_REQUIRED ACTION_
The required output is the exact run of lines in the listing below from the line holding "They had a couple" through the line holding "11月25日晚间,中高端酒店", with no pictures.

_PROVIDED DATA_
Segment Open

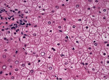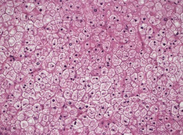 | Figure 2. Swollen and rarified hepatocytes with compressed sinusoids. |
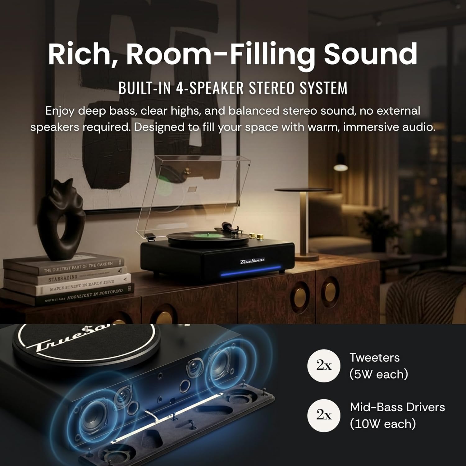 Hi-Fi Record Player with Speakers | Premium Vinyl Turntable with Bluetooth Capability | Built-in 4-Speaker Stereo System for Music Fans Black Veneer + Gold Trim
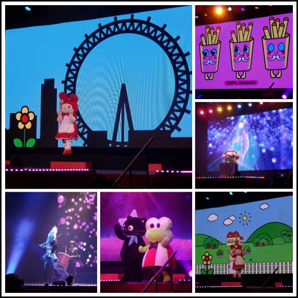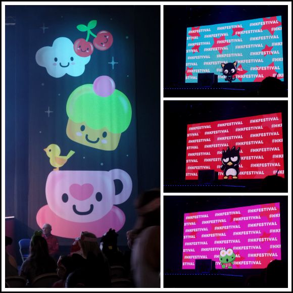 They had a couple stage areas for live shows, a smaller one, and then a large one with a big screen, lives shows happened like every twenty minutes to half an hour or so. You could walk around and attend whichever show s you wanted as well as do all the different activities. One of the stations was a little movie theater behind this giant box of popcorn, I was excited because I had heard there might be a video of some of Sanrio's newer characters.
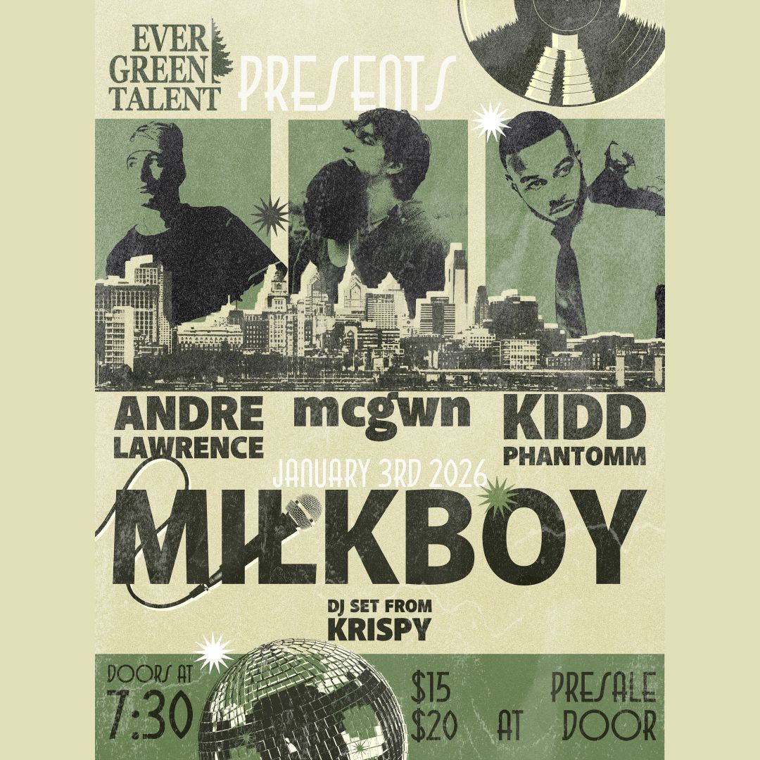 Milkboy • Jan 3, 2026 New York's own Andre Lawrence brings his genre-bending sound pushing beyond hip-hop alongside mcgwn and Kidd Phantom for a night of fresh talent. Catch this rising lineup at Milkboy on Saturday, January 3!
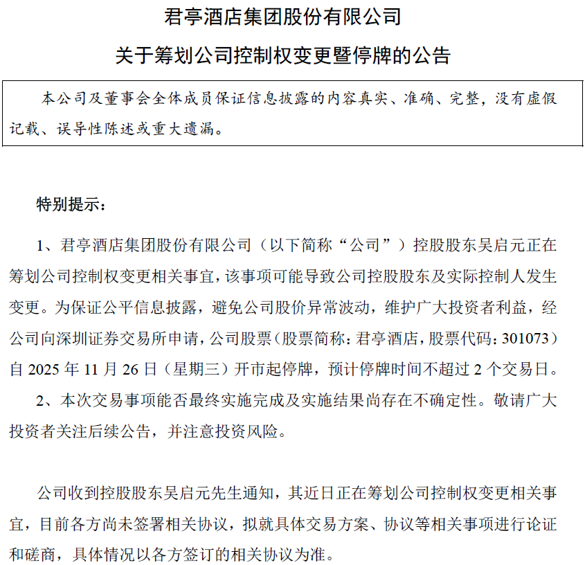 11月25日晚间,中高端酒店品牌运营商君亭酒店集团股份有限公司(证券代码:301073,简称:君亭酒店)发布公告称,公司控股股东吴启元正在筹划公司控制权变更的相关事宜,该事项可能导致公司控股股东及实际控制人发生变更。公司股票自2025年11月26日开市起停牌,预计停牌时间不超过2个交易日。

Segment Closed
Segment Open

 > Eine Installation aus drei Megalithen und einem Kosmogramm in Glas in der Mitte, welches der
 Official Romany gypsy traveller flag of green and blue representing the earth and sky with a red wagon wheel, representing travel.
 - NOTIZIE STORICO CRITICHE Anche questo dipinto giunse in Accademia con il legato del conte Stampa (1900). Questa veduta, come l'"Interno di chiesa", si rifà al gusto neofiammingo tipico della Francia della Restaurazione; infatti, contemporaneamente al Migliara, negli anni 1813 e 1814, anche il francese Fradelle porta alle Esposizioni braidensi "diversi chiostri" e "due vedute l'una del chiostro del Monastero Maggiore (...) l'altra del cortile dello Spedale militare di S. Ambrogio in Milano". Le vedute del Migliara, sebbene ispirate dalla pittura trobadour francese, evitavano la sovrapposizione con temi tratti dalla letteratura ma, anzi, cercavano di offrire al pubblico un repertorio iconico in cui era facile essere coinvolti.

Segment Closed
Segment Open

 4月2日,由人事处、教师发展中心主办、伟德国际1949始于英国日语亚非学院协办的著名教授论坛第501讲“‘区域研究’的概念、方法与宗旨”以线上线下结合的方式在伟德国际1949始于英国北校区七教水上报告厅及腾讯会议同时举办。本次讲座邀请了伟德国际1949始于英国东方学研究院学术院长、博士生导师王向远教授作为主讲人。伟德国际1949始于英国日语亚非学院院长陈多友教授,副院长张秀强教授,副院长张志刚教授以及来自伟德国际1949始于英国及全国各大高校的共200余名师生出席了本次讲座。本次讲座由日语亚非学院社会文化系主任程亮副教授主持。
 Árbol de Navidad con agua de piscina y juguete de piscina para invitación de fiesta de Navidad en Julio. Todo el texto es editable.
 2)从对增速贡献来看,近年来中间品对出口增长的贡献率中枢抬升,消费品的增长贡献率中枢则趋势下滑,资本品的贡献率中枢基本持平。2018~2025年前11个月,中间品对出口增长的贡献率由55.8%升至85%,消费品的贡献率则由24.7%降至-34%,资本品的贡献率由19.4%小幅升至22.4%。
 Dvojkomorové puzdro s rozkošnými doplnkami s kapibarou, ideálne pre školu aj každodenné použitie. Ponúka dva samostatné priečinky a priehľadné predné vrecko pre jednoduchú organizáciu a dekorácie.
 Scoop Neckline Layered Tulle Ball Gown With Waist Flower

Segment Closed

_REPLY_
 They had a couple stage areas for live shows, a smaller one, and then a large one with a big screen, lives shows happened like every twenty minutes to half an hour or so. You could walk around and attend whichever show s you wanted as well as do all the different activities. One of the stations was a little movie theater behind this giant box of popcorn, I was excited because I had heard there might be a video of some of Sanrio's newer characters.
 Milkboy • Jan 3, 2026 New York's own Andre Lawrence brings his genre-bending sound pushing beyond hip-hop alongside mcgwn and Kidd Phantom for a night of fresh talent. Catch this rising lineup at Milkboy on Saturday, January 3!
 11月25日晚间,中高端酒店品牌运营商君亭酒店集团股份有限公司(证券代码:301073,简称:君亭酒店)发布公告称,公司控股股东吴启元正在筹划公司控制权变更的相关事宜,该事项可能导致公司控股股东及实际控制人发生变更。公司股票自2025年11月26日开市起停牌,预计停牌时间不超过2个交易日。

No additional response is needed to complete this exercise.